Linton Osborne 2018
Dunfermline nightingale serves a series of delicious dishes destined to keep you indefinitely inebriated.
There were a few reasons why Linton Osborne didn’t last in NAZARETH, all of them personal – nothing to do with the singer’s immense talent that’s so obvious on this album. His choice of material for previous solo records may have surprised many a listener – 2011’s “Pigeonhole” explored Americana and 2017’s “Ballads & Battles” delved in Caledonian folklore – yet their follow-up is all what’s expected from someone with remarkable sense of humor and unrestrained energy.
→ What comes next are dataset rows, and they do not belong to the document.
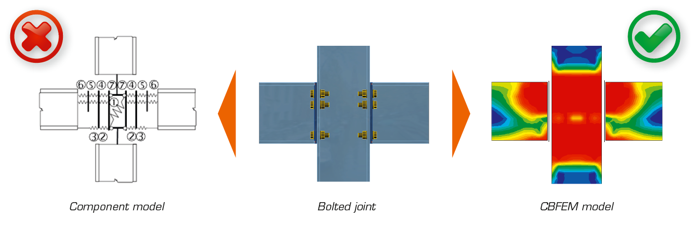 CBFEM法組合了兩種在全球范圍內(nèi)被工程師廣泛應(yīng)用和認可的鋼節(jié)點分析方法,即:有限單元法和組件法。其中:
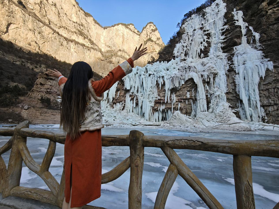 灵石的新春,不止有古建与人文的雅致,更有山野冰雪的激情与浪漫。驱车驶入太岳山麓,红崖峡谷的冬日限定冰瀑秘境,惊艳了时光。往日飞泻的瀑布被低温定格,十余米高的冰瀑壁挂在阳光中折射出琉璃般的光晕,“北方小九寨”的冬日盛景,成为新春里最动人的自然画卷,游客身着汉服或亮色冬装立于冰瀑前,人与自然的美好,在此刻定格。而峡谷的滑雪场里,雪道宽阔、雪质优良,滑雪、雪圈等项目一应俱全,冰雪运动的快乐,让冰天雪地间充满欢声笑语。
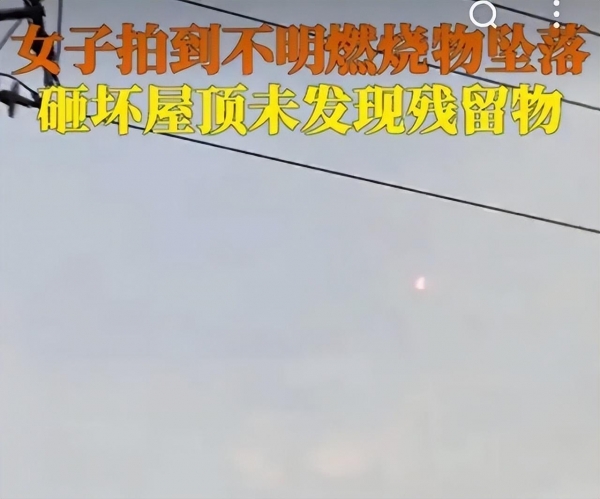 浙江舟山,一名女子正在拍视频,结果无意中拍到了一个不明燃烧物从天而降的瞬间。
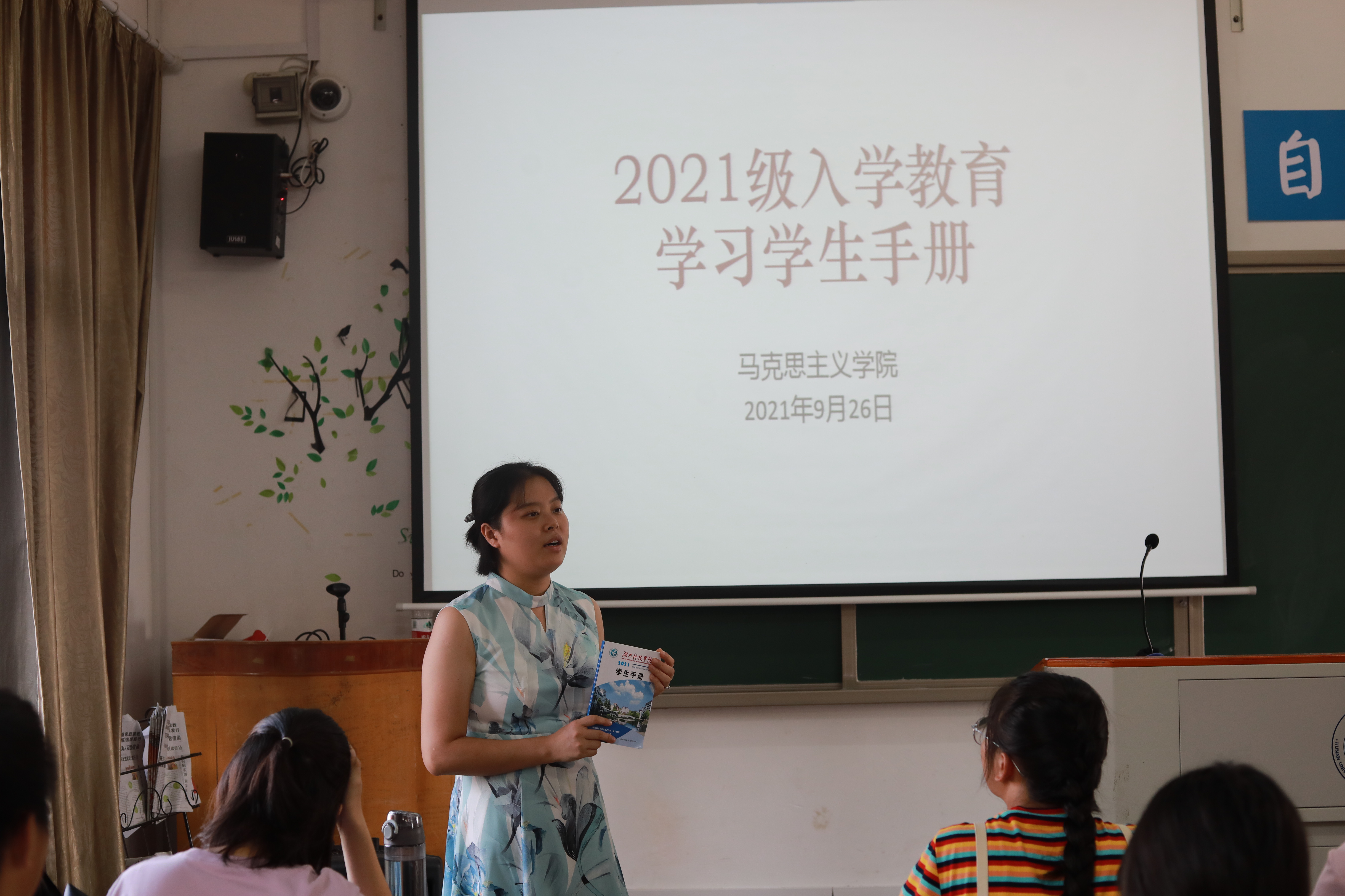 本网讯(记者 吴祖琳)为提高新生的综合素质,增进对学校规章制度的了解,9月26日下午,马克思主义学院于鹤鸣楼501教室开展2021级入学教育之学习《学生手册》活动。本次活动由21级辅导员胡非主持,全体21级新生参加。
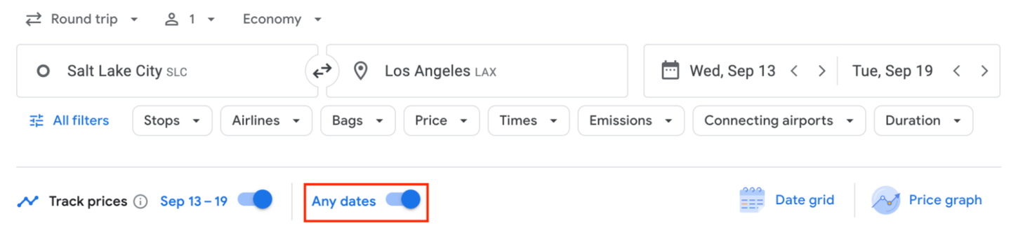 Additionally, if your dates are flexible, click on "Any dates." This will enable you to receive price change notifications for flights on specific days whenever prices on this route are low within a month of your chosen travel dates.
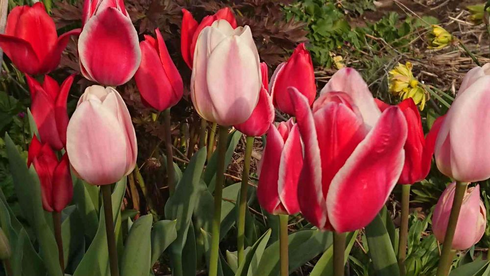 うわー!赤と薄いピンク色のチューリップ🌷とても華やかに見えます🤩
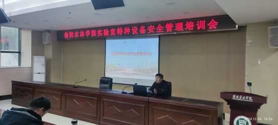 为进一步加强实验室特种设备规范化管理,引导师生牢固树立安全理念,增强应急处置能力,提升作业人员专业素养与安全意识,保障实验室特种设备作业安全,126下午实验室管理处邀请河南省特种设备检验技术研究院信阳分院专家,在beat365在线平台官网综合办公楼一楼会议室,面向beat365在线平台官网相关单位、各学院实验室特种设备安全管理人员、操作人员百余名教师进行培训。
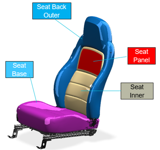 要創建外觀方案,必須先將幾何體直觀地分割為多個區域,然后為每個區域指派不同的材料和紋理。 這些創建的區域即是外觀指示符。指派給外觀指示符的幾何體是用戶要更改其外觀的幾何體,以便用戶可以比較模型的外觀。當用戶將材料或紋理指派給外觀指示符時,NX 不會將材料或紋理與零件保存在一起,而是僅在外觀方案文件中保存材料或紋理的名稱。 加載外觀方案時,NX 在庫文件夾和紋理文件夾可視化首選項中指定的選項中搜索材料和紋理。下圖表達了一個產品的外觀結構,在NX外觀管理模塊中,將此產品產品外觀拆分(Product Appearance Breakdown) - 表示產品外觀是如何進行組織的,通常與工程BOM不同1.座椅底座(Seat Base)
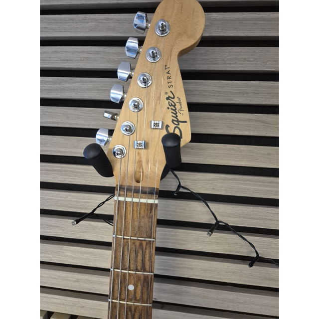 Fender Squier Stratocaster er en klassisk, prisvenlig elektrisk guitar inspireret af Fender Stratocaster-designet, velegnet til begyndere og øvede spillere. Den har en bolt-on hals (typisk i ahorn) med 22 bånd på et 25,5″ scale-gribebræt, som giver klar attack og god sustain. Kroppen er normalt lavet af poplar eller alder-træ, hvilket giver en afbalanceret tone. Instrumentet har tre single-coil-pickupper i traditionel Strat-konfiguration (neck, mid, bridge) og en 5-vejs pickup-vælger for alsidig lyd – fra skarpe, rene toner til mere fyldige rock- og blueslyde. Kontrollerne består af master volume og to tone-kontroller til justering af klang. Hardware omfatter en synkroniseret tremolo-bro for vibrato-effekter og die-cast stemmeskruer for stabil stemning. Finishen findes i flere farver, og guitaren har det klassiske Strat-look med pickguard og komfortabel kropskontur.
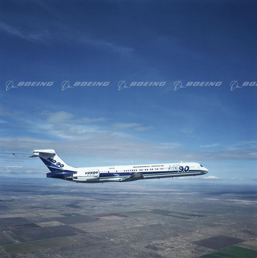 The MD-90 is powered by twin International Aero Engines (IAE) V2500 turbofans rated at 25,000-lb thrust each.
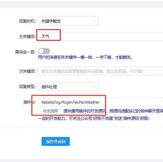 下面选择处理该关键词的插件,选择我们安装并启用的天气插件即可。
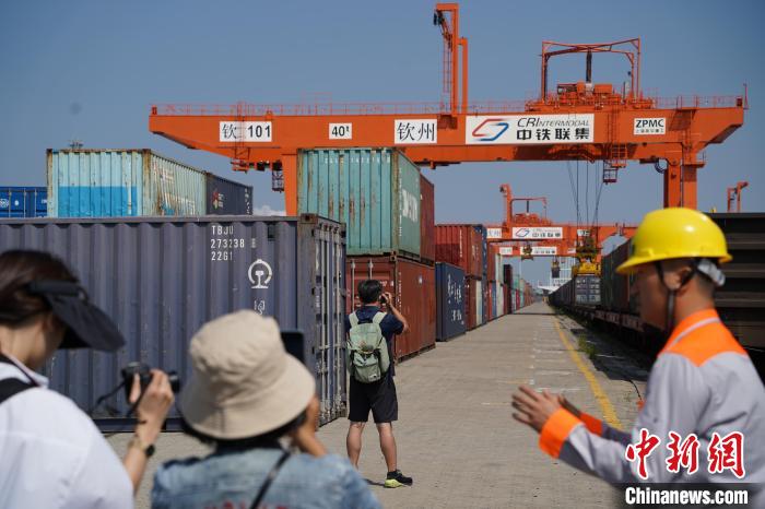 9月5日,兩岸媒體人走進位于廣西欽州的欽州鐵路集裝箱中心站?!≈行律缬浾?張楊彬 攝

Dealing for the most part in supercharged rhythm-and-blues as the title track or opener “Turn It Up” suggest, Linton doesn’t linger on intro riffs too long and lets his melodious rasp rip a morning reverie to raise a lot of hairs – of the dog and otherwise – which will stand on end, from sheer pleasure, until the album’s finale, where “Who Let The Cat Out?” is given a country twang. So yes, “City Of Sin” must be but a sole example of classically tinctured hard rock on the artist’s plate, alongside “Pressure Cooker” that should blow off a lot of steam, because the rest of it – not least a retrofuturistic edge in the purr of “Mud” – unfolds as a display of playful variety.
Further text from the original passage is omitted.